## What you need to do
Transcribe the line that contains "2019年上海国际潮流玩具展上排队等候入场的人群。 泡泡玛特供图" and every line after it to the end of the records, exactly and nothing else. Skip the pictures.

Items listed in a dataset
★ ★ ★

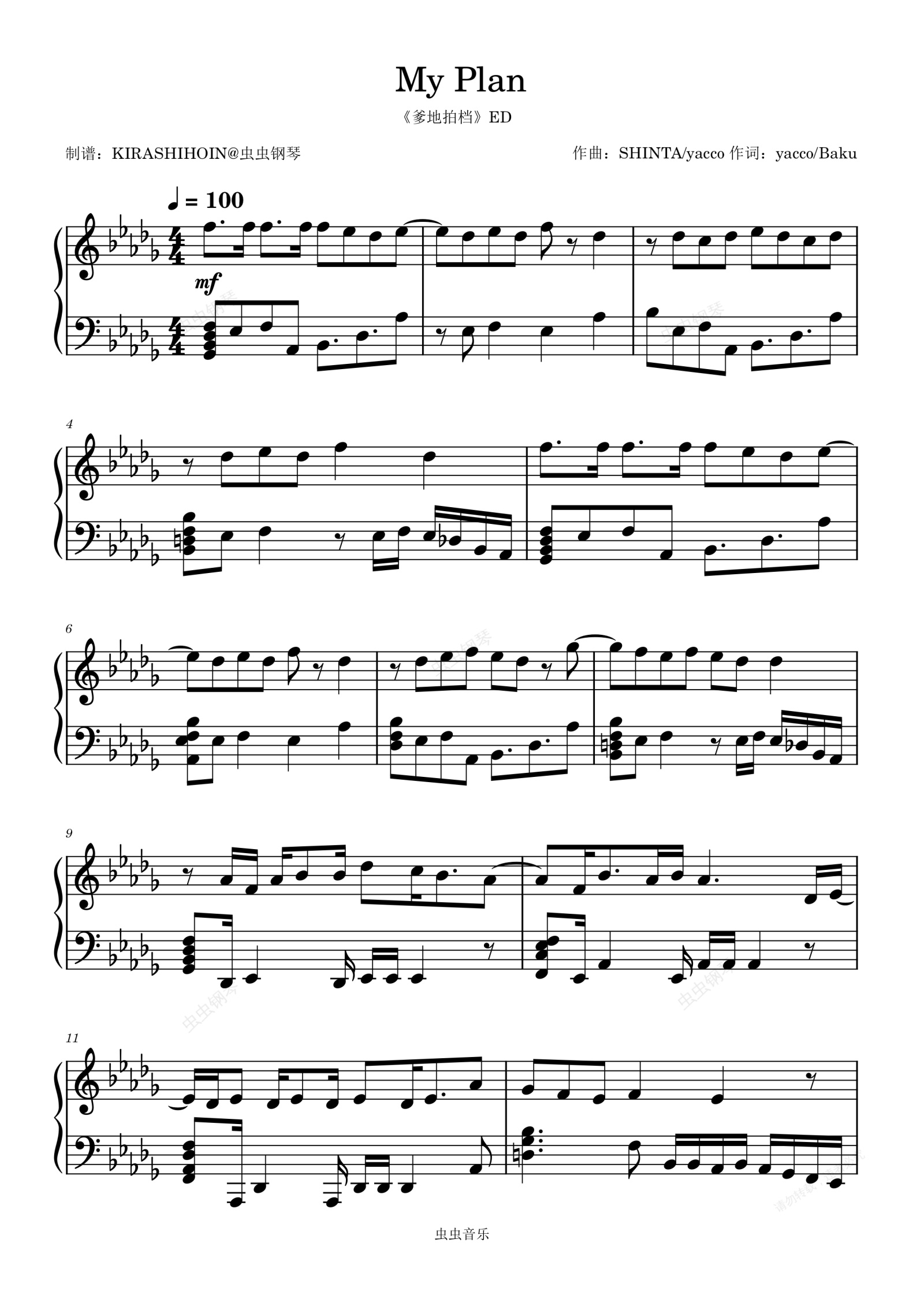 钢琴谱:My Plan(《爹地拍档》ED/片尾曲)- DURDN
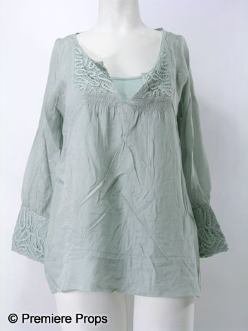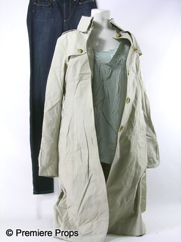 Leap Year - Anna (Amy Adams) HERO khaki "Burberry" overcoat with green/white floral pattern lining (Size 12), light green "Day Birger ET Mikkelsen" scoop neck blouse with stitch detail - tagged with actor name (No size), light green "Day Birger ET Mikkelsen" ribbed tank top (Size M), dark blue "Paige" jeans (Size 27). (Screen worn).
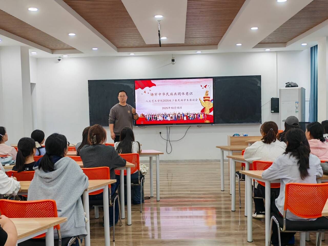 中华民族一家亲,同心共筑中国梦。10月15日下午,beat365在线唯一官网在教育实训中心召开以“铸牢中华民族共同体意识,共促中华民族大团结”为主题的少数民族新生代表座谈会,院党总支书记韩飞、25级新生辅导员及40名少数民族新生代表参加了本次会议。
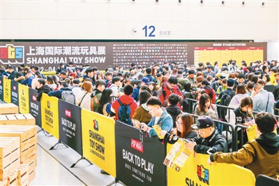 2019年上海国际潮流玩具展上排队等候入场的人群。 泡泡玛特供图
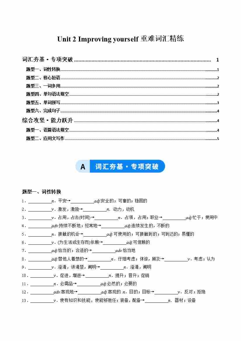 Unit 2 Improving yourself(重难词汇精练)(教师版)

★ ★ ★

## Exercise answer
 2019年上海国际潮流玩具展上排队等候入场的人群。 泡泡玛特供图
 Unit 2 Improving yourself(重难词汇精练)(教师版)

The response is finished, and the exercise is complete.